Isto é como os implantes obtêm a energia necessária para se operar. O aspecto inovativo da aproximação dos autores é rosca-como o formulário dos implantes, que permite que sejam injectados sem cirurgia, e o uso das correntes de alta freqüência (> 5 megahertz) aplicadas nas explosões, tornando as completamente inofensivas e imperceptíveis.

Para produzir a potência aos implantes na região de miliwatts, os autores propor aplicar correntes com valores do pedido de alguns ampères para que o sistema externo deve gerar tensões em torno de alguns cem volts.

Estes valores seriam os mais prejudiciais se eles correspondeu às correntes alternas de uma freqüência como aquela da grade (50 hertz).

Isto evita completamente usar umas freqüências mais altas. Especificamente, os autores propor o uso de correntes alternas com uma freqüência de maior de 5 megahertz.

Os autores do estudo publicado no acesso de IEEE obtiveram os modelos matemáticos que permitiram que determinassem a potência local máxima que pode ser obtida por um implante usando a condução do volume de acordo com o tamanho do implante, de sua carga eletrônica e das propriedades do tecido onde será colocado.

Finalmente, validaram estes modelos in vitro que usam uma solução salina que simulasse as propriedades elétricas do tecido humano e obtivesse uma boa correlação entre resultados experimentais e analíticos.
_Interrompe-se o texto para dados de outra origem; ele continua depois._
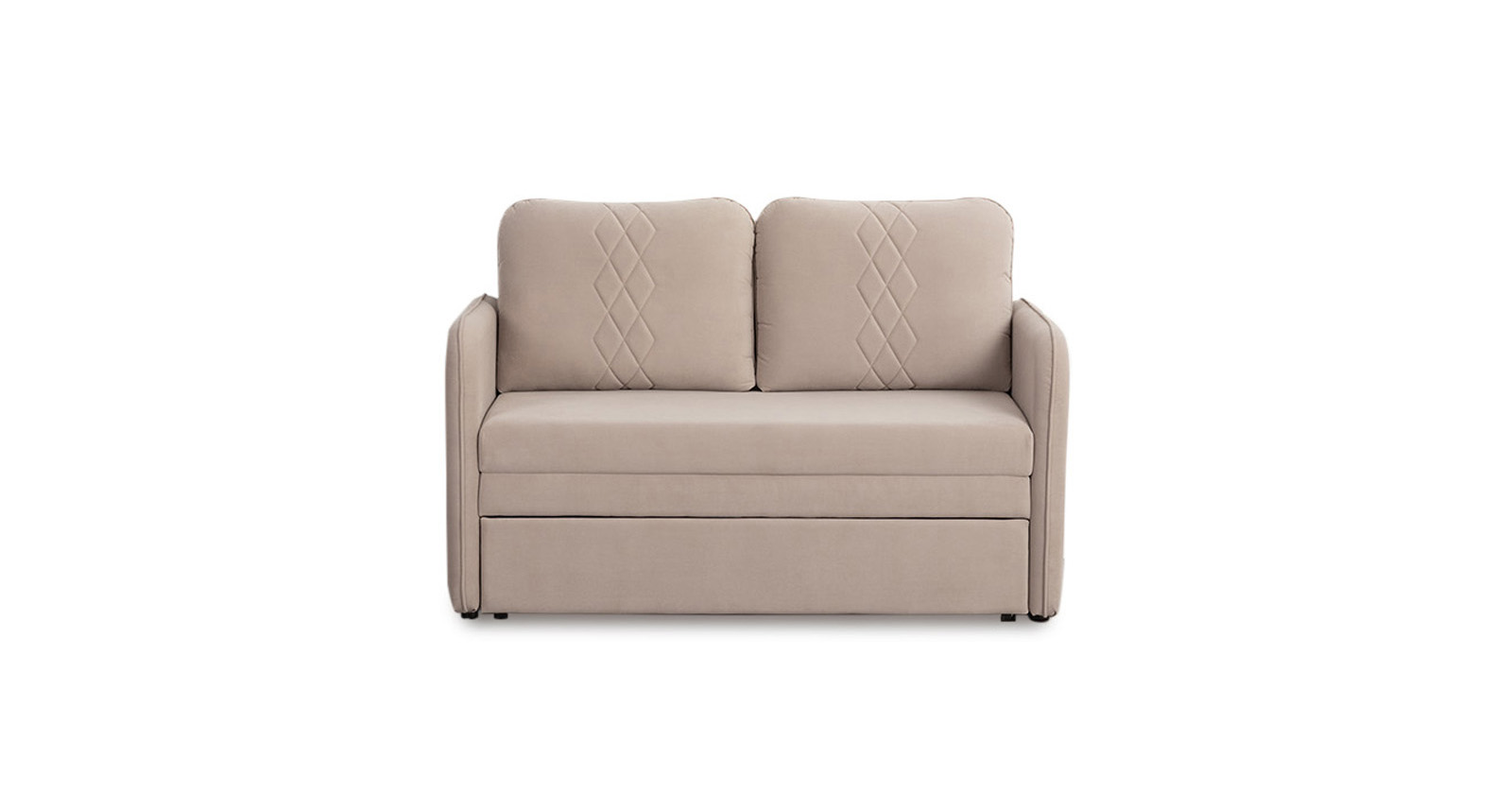 Стильный компактный диван для детской и гостиной. При своих скромных размерах он трансформируется в полноценное спальное место для детей и подростков. Лаконичный дизайн в виде декоративной стежки подчеркивает фактуру велюра, а небольшие размеры позволят разместить его в любом пространстве.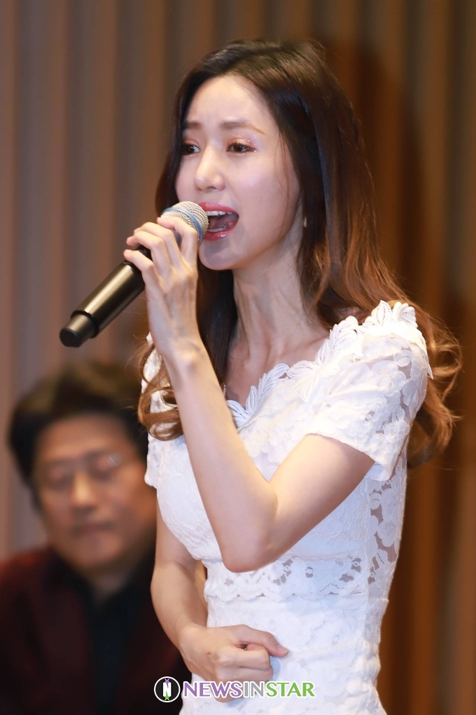 11월 5일 오전 서울시 강남구 역삼동 두원아트홀에서 ‘Voice of Winter 임태경 단독 콘서트’ 기자간담회가 열려 뮤지컬 배우 임태경, 마이클 리, 박홍주, 지휘자 서희태가 참석해 박홍주가 무대를 선보이고 있다.

Dispositivos que podem facilmente ser implantados por injecção

Assim, os resultados do estudo mostram que aplicando correntes elétricas de alta freqüência em uma explosão - inofensiva para o corpo humano e que a reunião os padrões de segurança internacionais principais pode render potências de maior de 1 mW em muito fino (secção menos de 1 milímetro), curto (< 15 milímetros) implantam. Estes dispositivos podem facilmente ser implantados usando um procedimento percutaneous similar a uma injecção.

Um “outro resultado que interessante nós obtivemos é que a aplicação de correntes elétricas de alta freqüência sob a forma das explosões, um pouco do que continuamente, permite o aumento da potência obtida nos implantes”, Tudela comenta. E o pesquisador adiciona, “nossos resultados indicam que um implante com uma secção de somente um milímetro e de um comprimento de aproximadamente um centímetro poderia obter 100 vezes a potência exigida actualmente por um pacemaker.”

Source:
Journal reference:

Tudela-Pi, M., et al. (2020) Power Transfer by Volume Conduction: In Vitro Validated Analytical Models Predict DC Powers Above 1 mW in Injectable Implants. Access. doi.org/10.1109/ACCESS.2020.2975597.